For Intel CPUs we record L3 cache size, hence we should also do so for
AMD and alike.

While making these additions, also make sure (throughout the function)
that we don't needlessly overwrite prior values when the new value to be
stored is zero.

Signed-off-by: Jan Beulich <jbeulich@suse.com>
---
I have to admit though that I'm not convinced the sole real use of the
field (in flush_area_local()) is a good one - flushing an entire L3's
worth of lines via CLFLUSH may not be more efficient than using WBINVD.
But I didn't measure it (yet).

--- a/xen/arch/x86/cpu/common.c
+++ b/xen/arch/x86/cpu/common.c
@@ -240,28 +240,41 @@ int get_model_name(struct cpuinfo_x86 *c
 
 void display_cacheinfo(struct cpuinfo_x86 *c)
 {
-	unsigned int dummy, ecx, edx, l2size;
+	unsigned int dummy, ecx, edx, size;
 
 	if (c->extended_cpuid_level >= 0x80000005) {
 		cpuid(0x80000005, &dummy, &dummy, &ecx, &edx);
-		if (opt_cpu_info)
-			printk("CPU: L1 I cache %dK (%d bytes/line),"
-			              " D cache %dK (%d bytes/line)\n",
-			       edx>>24, edx&0xFF, ecx>>24, ecx&0xFF);
-		c->x86_cache_size=(ecx>>24)+(edx>>24);	
+		if ((edx | ecx) >> 24) {
+			if (opt_cpu_info)
+				printk("CPU: L1 I cache %uK (%u bytes/line),"
+				              " D cache %uK (%u bytes/line)\n",
+				       edx >> 24, edx & 0xFF, ecx >> 24, ecx & 0xFF);
+			c->x86_cache_size = (ecx >> 24) + (edx >> 24);
+		}
 	}
 
 	if (c->extended_cpuid_level < 0x80000006)	/* Some chips just has a large L1. */
 		return;
 
-	ecx = cpuid_ecx(0x80000006);
-	l2size = ecx >> 16;
-	
-	c->x86_cache_size = l2size;
-
-	if (opt_cpu_info)
-		printk("CPU: L2 Cache: %dK (%d bytes/line)\n",
-		       l2size, ecx & 0xFF);
+	cpuid(0x80000006, &dummy, &dummy, &ecx, &edx);
+
+	size = ecx >> 16;
+	if (size) {
+		c->x86_cache_size = size;
+
+		if (opt_cpu_info)
+			printk("CPU: L2 Cache: %uK (%u bytes/line)\n",
+			       size, ecx & 0xFF);
+	}
+
+	size = edx >> 18;
+	if (size) {
+		c->x86_cache_size = size * 512;
+
+		if (opt_cpu_info)
+			printk("CPU: L3 Cache: %uM (%u bytes/line)\n",
+			       (size + (size & 1)) >> 1, edx & 0xFF);
+	}
 }
 
 static inline u32 _phys_pkg_id(u32 cpuid_apic, int index_msb)
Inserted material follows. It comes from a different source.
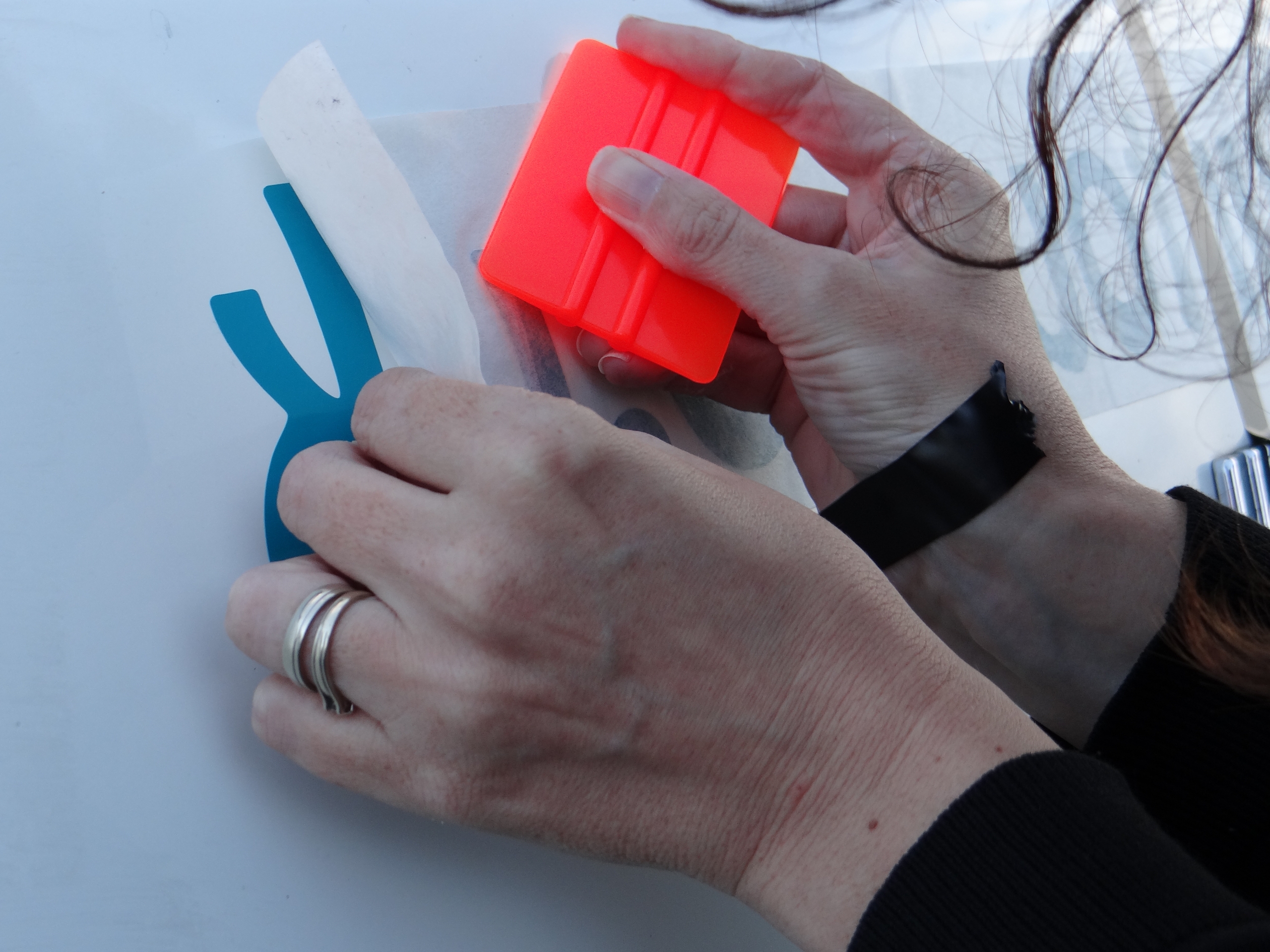 Lakeland do sticky stuff remover, very gentle and does not seem to damage paintwork, oh and you should spray the paintwork with water ( very fine atomiser) then put the vinyl’s on the surface, when you squeegee the vinyl down the water gets squished out and you get no bubbles, also if you get it wrong you can lift it off again, but not once its dry..its on

^ permalink raw reply	[flat|nested] 5+ messages in thread

* Re: [PATCH] x86/AMD: also determine L3 cache size
  2021-04-16 13:20 [PATCH] x86/AMD: also determine L3 cache size Jan Beulich
@ 2021-04-16 14:21 ` Andrew Cooper
  2021-04-16 14:27   ` Jan Beulich
  2021-04-29  9:21   ` Jan Beulich
  0 siblings, 2 replies; 5+ messages in thread
From: Andrew Cooper @ 2021-04-16 14:21 UTC (permalink / raw)
  To: Jan Beulich, xen-devel; +Cc: Wei Liu, Roger Pau Monné

On 16/04/2021 14:20, Jan Beulich wrote:
> For Intel CPUs we record L3 cache size, hence we should also do so for
> AMD and alike.
>
> While making these additions, also make sure (throughout the function)
> that we don't needlessly overwrite prior values when the new value to be
> stored is zero.
>
> Signed-off-by: Jan Beulich <jbeulich@suse.com>
> ---
> I have to admit though that I'm not convinced the sole real use of the
> field (in flush_area_local()) is a good one - flushing an entire L3's
> worth of lines via CLFLUSH may not be more efficient than using WBINVD.
> But I didn't measure it (yet).

WBINVD always needs a broadcast IPI to work correctly.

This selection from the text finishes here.